= Benjamin Griffin (actor) =

English stage actor

Benjamin Griffin (1680–1740) was an English actor and dramatist. He was the son of the Rev. Benjamin Griffin, rector of Buxton and Oxnead in Norfolk, and chaplain to the Earl of Yarmouth.

==Early life==
Griffin was born in Yarmouth in 1680, and educated at the free school, North Walsham. He was apprenticed to a glazier at Norwich, where in 1712 he joined a strolling company. In 1714-15 he was one of the company with which Christopher Rich opened the rebuilt theatre in Lincoln's Inn Fields.

==Acting career==
His name first appears in surviving records, 16 Feb. 1715, as Sterling in The Perplexed Couple. On 2 June he was Ezekiel Prim, a presbyterian parson, in the A City Ramble, and on 14 June Sir Arthur Addlepate in his own farce, Love in a Sack. At this house he remained until 1721, playing many parts, including Don Lopez in his own farce, Humours of Purgatory, 3 April 1716, and 26 Jan. 1720 Sir John Indolent in his own Whig and Tory. He also played the Jew in Lord Lansdowne's Jew of Venice, altered from Shakespeare, Gomez in the Spanish Friar, Sir Hugh Evans, and Foresight in Love for Love, and took probably some part in his own Masquerade, or the Evening's Intrigue, produced for his benefit, with the Jew of Venice, 16 May 1717.

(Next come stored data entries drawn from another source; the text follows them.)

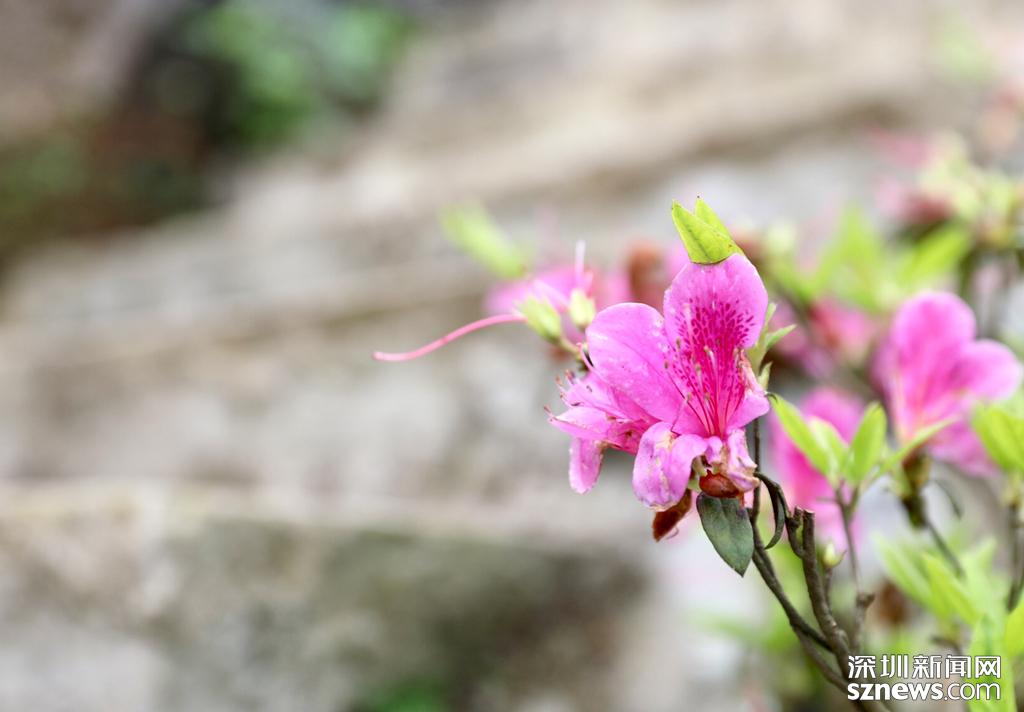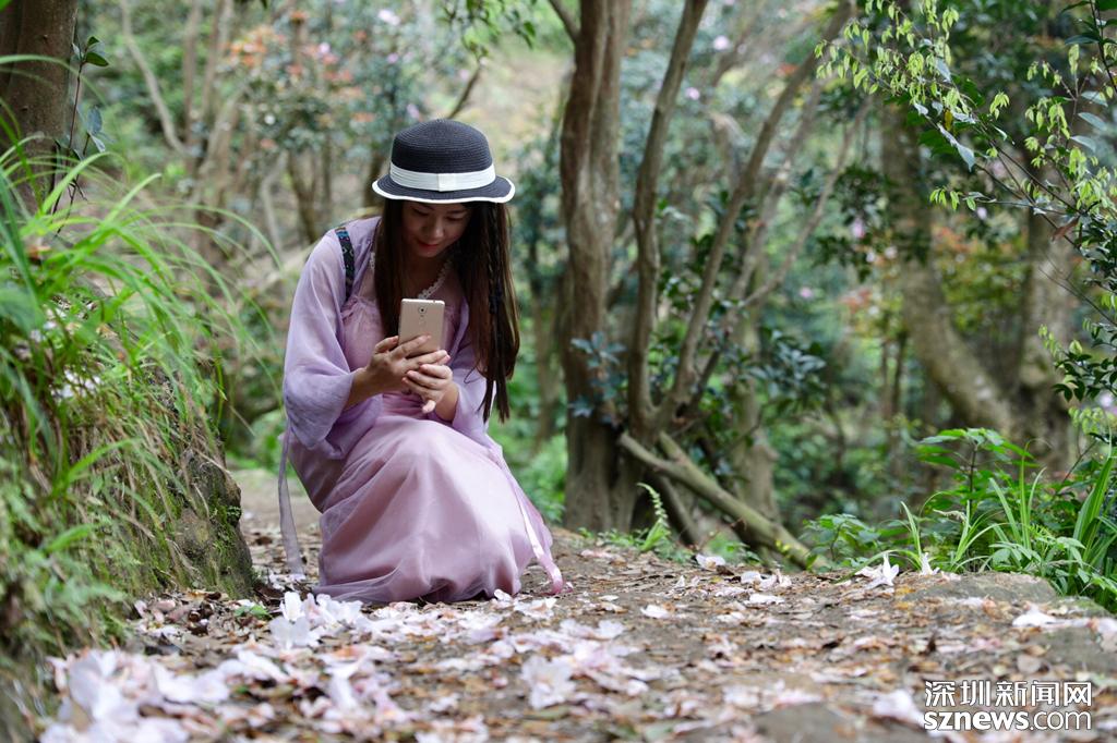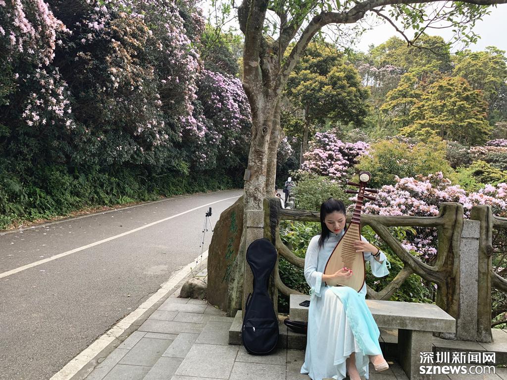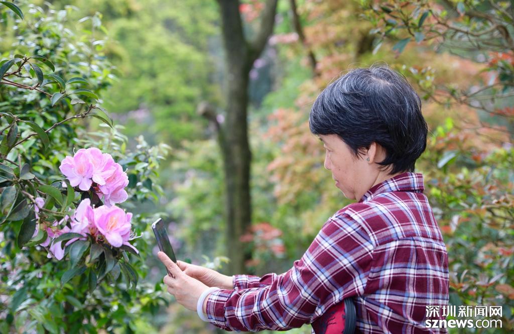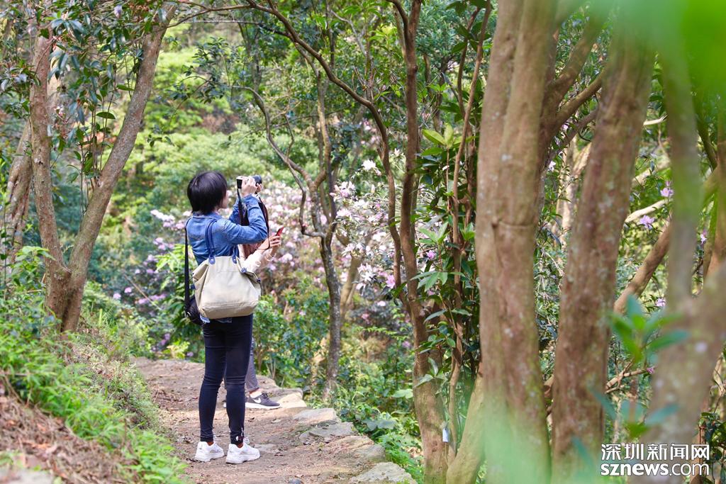 梧桐山成踏春赏花打卡点,市民用相机记录下毛棉杜鹃之美。
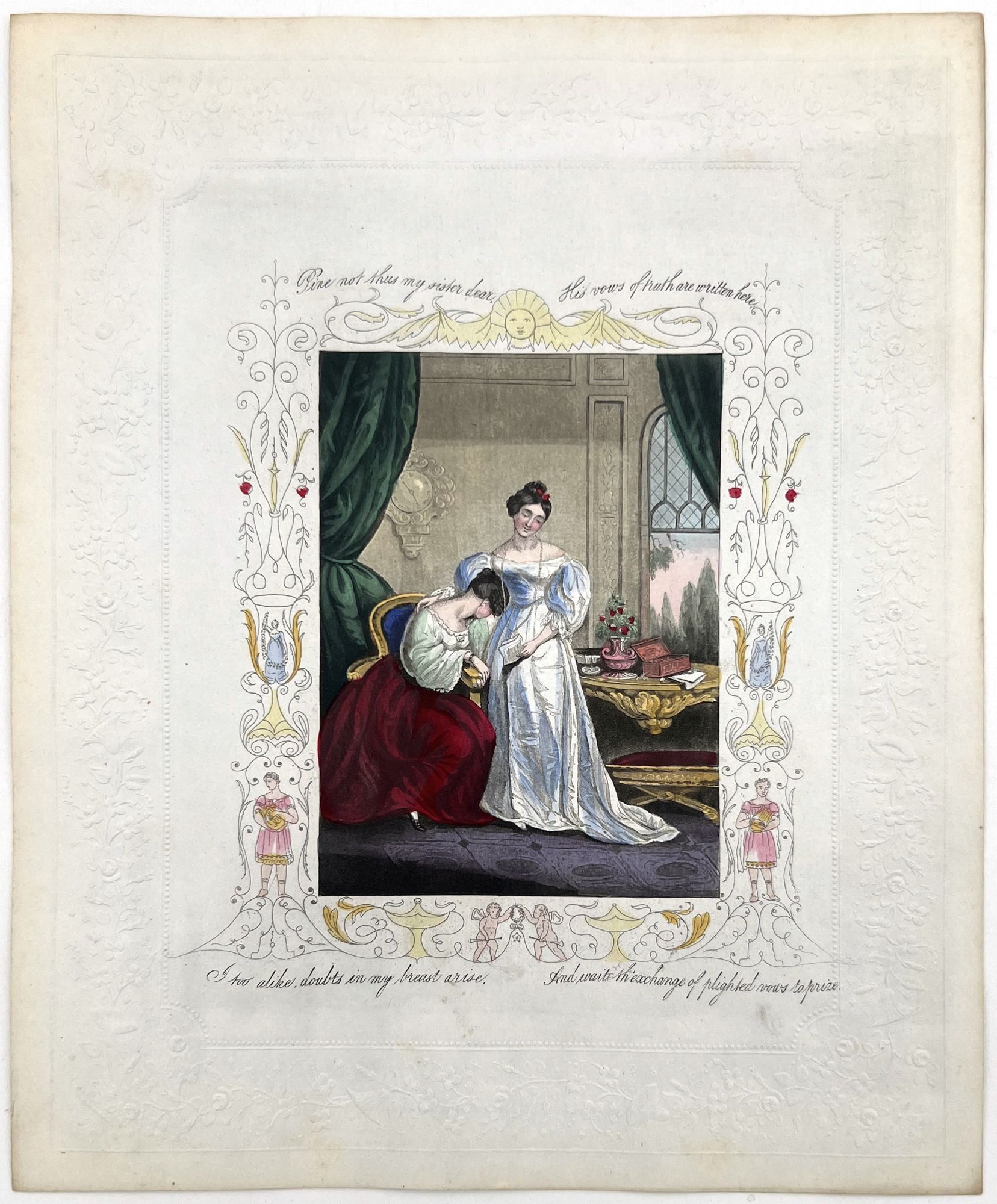 England, 1830. Very good. Light toning.. A rare example of one of the valentines produced for the so-called "Unrequited Love" or "Despondent Lover" valentine set, a highly sentimental series first produced in the 1830s. Most featured despondent lovers, but some featured happy or joyful scenes of love. This example does not feature the Addenbrooke name or 1828 watermark known in other examples, but appears contemporary. This example depicts two sisters in a drawing room, one consoling the other, with a poem that reads: "Pine not thus. my sister dear, His vows are written here, I too alike, doubts in my breast arise, ANd wait th' exchange of plighted vows to prize." Wove paper bifolium with embossed decorative border (10" by 8"), with hand colored aquatint in center.
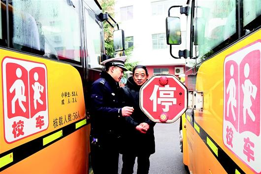 2月19日,枝江市公安局交警大隊(duì)正在對校車進(jìn)行“體檢”。春季開學(xué)在即,為了全面預(yù)防校車交通事故的發(fā)生,保障出行安全,枝江交警聯(lián)合教育局等相關(guān)部門,分批對全市76輛校車進(jìn)行全面檢查。(視界網(wǎng) 許俊富 攝)
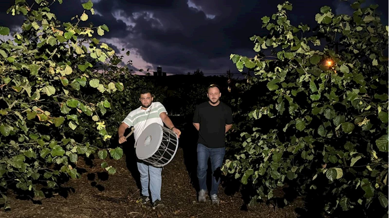 DÜZCE (AA) - ÖMER ÜRER/ALİ KUŞ - Düzce'nin Akçakoca ilçesinde, fındıklarını yabani hayvanlardan korumak isteyen köylüler, hasat sezonu yaklaştığında imece usulüyle davul nöbeti tutma geleneğini sürdürüyor.
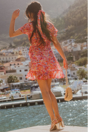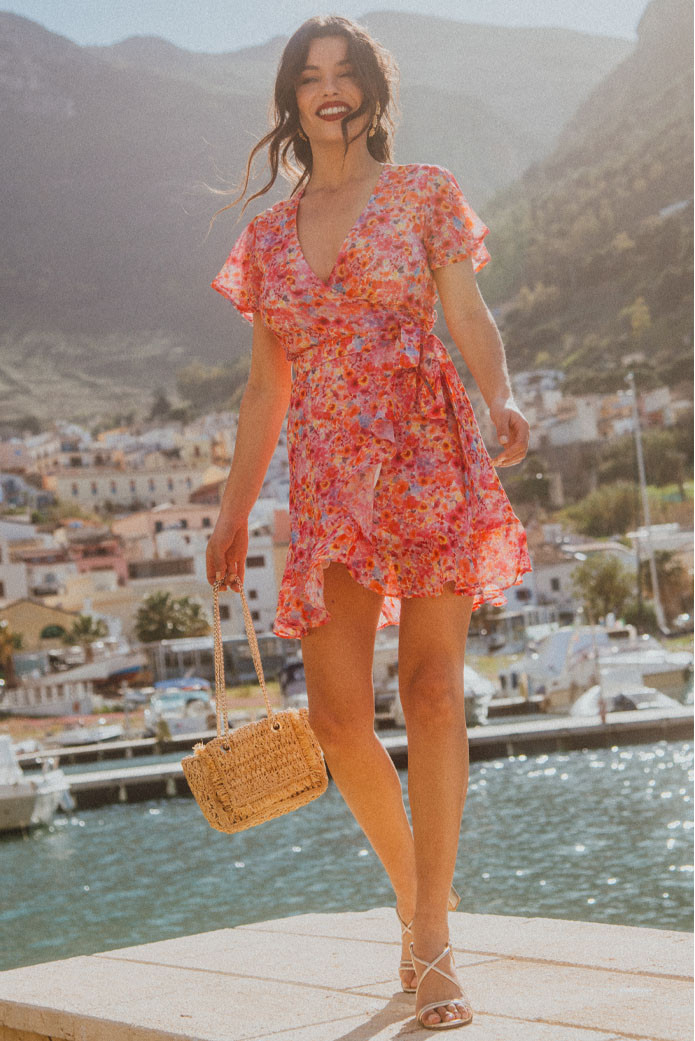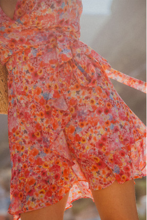 - Short wrap dress with ruffles
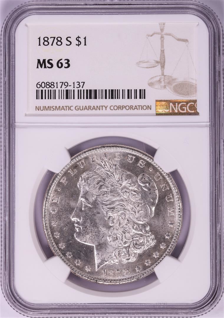 One 1878-S $1 Morgan Silver Dollar Coin NGC MS63. NGC Certified.

His success in characters of choleric and eccentric old men was such that Drury Lane, though possessing Norris and Johnson, both in his line, engaged him, for the sake of avoiding rivalry. His name was on the bills at Lincoln's Inn Fields in Love's Last Shift, 27 Sept. 1721. Genest assumes that this was by mistake, since Griffin appeared at Drury Lane as Polonius on the 30th of the same month. Here he remained until his death in 1740. The only part of primary importance of which he was the original at Drury Lane was Lovegold in the Miser by Fielding. He was also, at Richmond in 1715, Sapritius in Injured Virtue, his own alteration of the Virgin Martyr of Massinger. This piece was acted by the servants of the Dukes of Southampton and Cleveland. On 12 Feb. 1740 his name is for the last time, apparently, in the bills as Day in the ‘Committee.

==Dramas==
Griffin's dramas are;
- Injured Virtue, tragedy, 12mo, 1715
- Love in a Sack, farce, 12mo, 1715
- Humours of Purgatory, farce, 12mo, 1716
- Masquerade farce, 12mo, 1717
- Whig and Tory, comedy, 8vo, 1720

The last deals rather dexterously with a political subject. The others add little to Griffin's claims on attention. In conjunction with Theobald he also wrote A Complete Key to The What D'Ye Call It of Gay, 1715, 8vo.

==Reviews==
The Gentleman's Magazine of March 1740 speaks of him as a worthy man and an excellent actor. He died on 18 February 1740. Victor says he "was a comedian excellent in some characters", noticeably as Sir Hugh Evans and Sir Paul Pliant. The last he made a finished character. "His silly important look always excited laughter. … It was not in nature to resist bursting into laughter at the sight of him, his ridiculous distressful look, followed by a lamentable recital of his misfortunes." Victor adds: "He was a sensible, sober man, and well respected. When he died he left effects very acceptable to his sister and her children, and what is more uncommon, a good character" (Hist. of the Theatres of London and Dublin, ii. 78–80). Davies contrasts his "affected softness" with the "fanatical fury" of Ben Johnson the actor, when they were playing Tribulation and Ananias in the Alchemist (Dramatic Miscellanies, ii. 108). A portrait of the actors in these parts by Vanbleek or Van Bluck [q. v.] of Covent Garden, furnishing striking likenesses of both, was "taken off in mezzotinto, and is now published" (General Advertiser, 5 April 1748).